C'est le jour où j'ai entendu pour la première fois "We are the dead" que j'ai compris que David Bowie venait d'ailleurs, qu'il était différent, qu'il était le seul à pouvoir produire de tels sons mêlés de textes étranges sur des mélodies aux harmonies d'une beauté "venue d'ailleurs". Je n'ai même pas envie de dire que c'est beau. ça me semble si évident que je ne suis pas là pour vous en convaincre. J'ai seulement envie de dire que c'est … différent. Cette façon de juxtaposer, d'écrire par layer comme un plasticien, d'être expérimental sans pour autant fuir dans une sphère où personne ne le suivrait.
Car, avant tout, il est là le génie de David Bowie : composer des œuvres étranges et sophistiquées qui enthousiasment le profane. Tant de générations passées, présentes et à venir se nourriront de ces mets raffinés qui sont tout sauf superficiels.
David Bowie invite à un voyage. Et quelques-uns le suivront dans son périple où s'entrechoquent la musique, la peinture et la réflexion.
Écoutez « Sweet thing », surtout la reprise après « candidate ».. et dites-moi qui vous a jamais emmené si loin ? Beethoven peut-être ? La beauté est esthétique mais pas seulement. Elle est chargée d'émotions humaines et célestes. Projetés dans les étoiles sans rien y comprendre, on se retrouve la peau couverte de frissons et les yeux embués.
David Bowie n'a eu de cesse d'expérimenter et d'exprimer le fruit de son expérimentation. Son propos n'a jamais été autre que de se dire « et si je mettais ça, avec ça, est-ce que ça marcherait ? ». Et ... ça marche. Parce qu'il a le « gène » que si peu ont, l'intuition que 2 couleurs à-priori opposées vont, comme par miracle, produire leur magie.
On en ressent les prémices dans l'album Space Oddity.

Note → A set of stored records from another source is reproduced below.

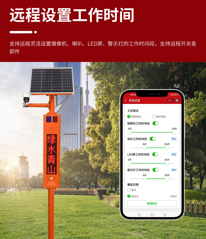 配套移动端小程序、APP和PC端平台可实现对设备的远端管理,包括远程设置LED宣传文字及语音播报内容、远程喊话、远程操控摄像头、远程监测供电情况、灵活配置各部件工作时段等。
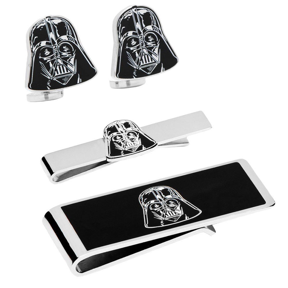 Set includes a pair of officially licensed cufflinks, tie bar and money clip, silver tone and enamel, Officially licensed by Lucas film LTD.
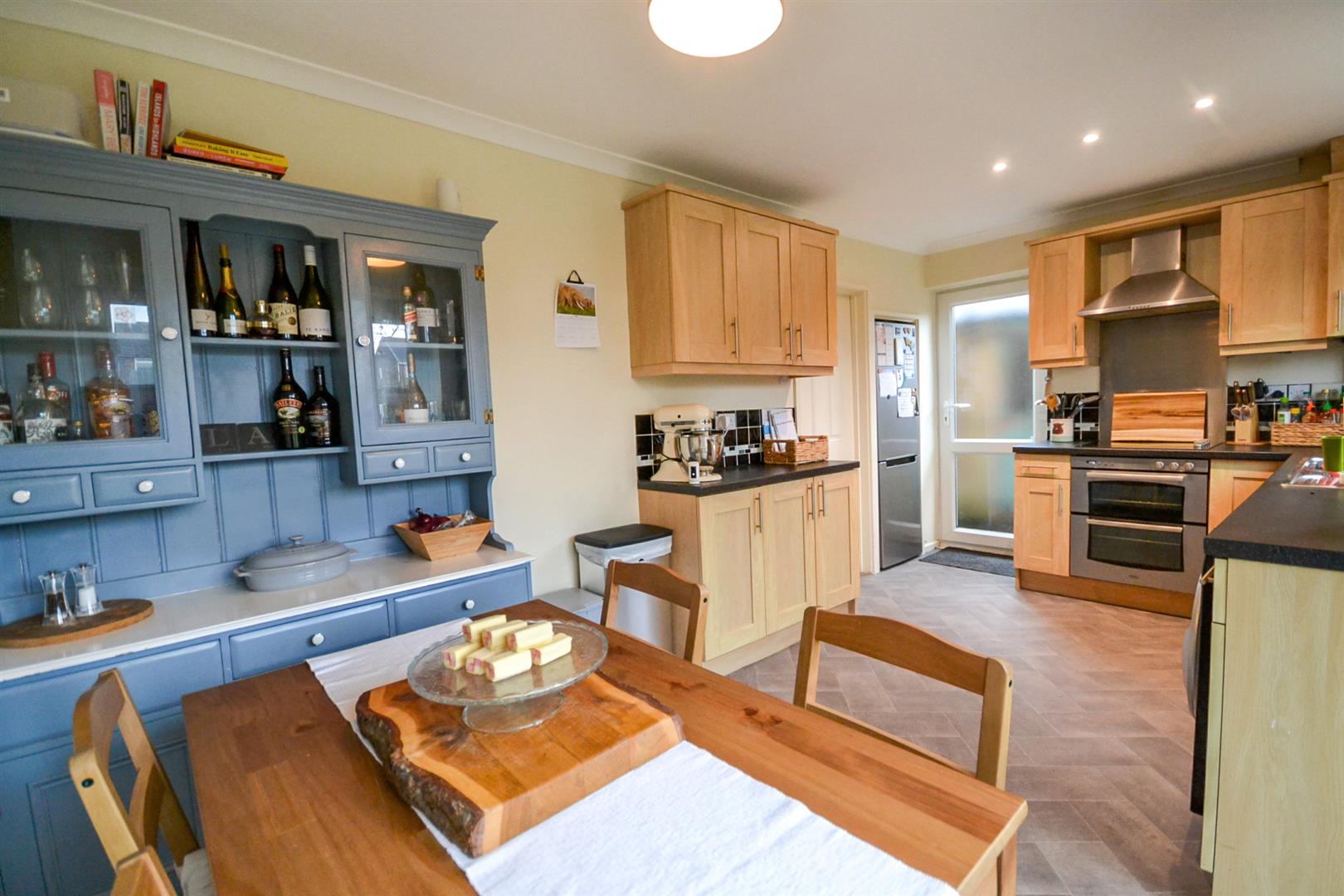 Dining Kitchen - Situated across the rear of the property, the dining kitchen is fitted with a range of Shaker-style base and wall cabinets complemented by rolled-edge worktops and tiled splashbacks. There is an inset 1.5 bowl stainless steel single drainer sink, along with a built-in double oven, four-zone electric hob and chimney-style extractor hood over.
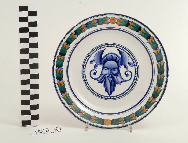 Piatto circolare; fondo bianco con testa in blu al centro del cavetto e greca con motivi vegetali in verde, azzurro e giallo lungo la tesa; bordo rifinito in blu.
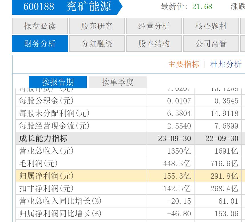 最新财报显示,中国神华在2023年的表现明显下滑,三季报财报显示前三季度营收2525亿元,同比增长0.79%,而此前两年同期的营收增幅则分别是40.30%和7.49%,营收增幅下滑较大。前三季度归母净利润482.7亿元,同比则出现18.40%的下滑,此前两年分别增长了21.48%和45.09%,2023年前三季度是最近三年来首次净利润下滑。2023年前三季度业绩大幅下滑的还有兖矿能源,总营收1350亿元,同比下滑20.15%,归母净利润155.3亿元,同比下滑46.80%。而上一年同期营收增幅则是61.01%,净利润增幅高达153.06%。可见2023年前三季度传统能源股的业绩差强人意不是个例,而是行业普遍情况。
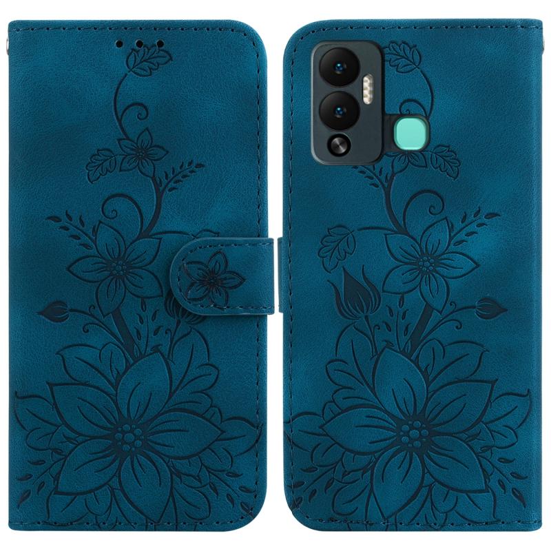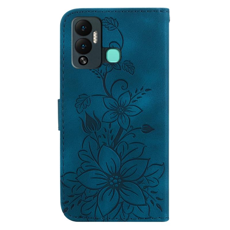 For Infinix Hot 12 Play Lily Embossed Leather Phone Case(Dark Blue)

Ils s'affirment dans Aladdin Sane (remercions au passage Mike Garson et son piano). Puis Diamond Dogs paraît, à la frontière entre le glam spécifiquement anglais et la musique noire américaine pour laquelle David a toujours eu la plus grande fascination. Soudain, il semble que David Bowie ne souffre plus de limites. Le reste de sa carrière est là pour en attester. Bien que cela soit depuis toujours, il se nourrira désormais, encore plus, de toutes les influences, s'abreuvera à toutes les sources, en fertilisera des territoires inconnus jusqu'alors ; ces territoires de demain où tant de générations s'épanouiront.
Peut-être est-ce parce que Diamond Dogs est né d'un échec personnel qu'il fut, pour David Bowie, sa façon de rebondir. En effet, il fut question, à l'époque, d'un spectacle musical basé sur 1984 de G. Orwell qui, pour des questions de droits, n'a pu se concrétiser. Dès lors, coke et funk aidant, il quitta la stratosphère. Ce « starman » qu'il était déjà, il le fut plus que jamais. Vivant à la limite du rêve et de la réalité, il a survécu à la dichotomie. Parce qu'il en était capable, il a été chercher, là où si peu peuvent respirer, la musique sous une forme qu'on ne connaissait pas.
Mais, ces harmonies, cette façon d'utiliser sa voix, ses mélodies changeantes, soudain, nous étaient devenues naturelles, essentielles.
L'autre faculté de David Bowie est, non seulement son goût pour les expériences mais cette intensité dans la façon de nous les offrir. Un show man extraordinaire, là encore « venu d'ailleurs », qui captive et fascine. Et cela s'entend dans les albums studio comme en live. L'homme que, à force de copiés/collés, tant de journalistes superficiels, sombrant dans la facilité, ont eu l'indigence de décrire comme un caméléon, est l'un des artistes les plus honnêtes et les plus authentiques qui soit. Jusqu'à la vulnérabilité parfois. (quel artiste si immense a offert un dernier album, et quel album, à ses fans, 2 jours avant sa mort, pour leur dire, je ne vous oublie pas ? ) Caché derrière Ziggy Stardust et, ici, en l’occurrence, derrière Halloween Jack, David Bowie ne fut jamais, évidemment, que lui-même. un être différent.
Traînant dans les rues crasseuses de New-York, ces « chiens de diamant » aboient, mais leur aboiement, tout crépusculaires qu'ils soient, est flamboyant. 42 ans après Diamond Dogs, David Bowie est toujours ce rebelle magnifique, cette « sweet thing ». 42 ans après, David Bowie est toujours aussi renaissant. Et nous, fasciné et reconnaissant.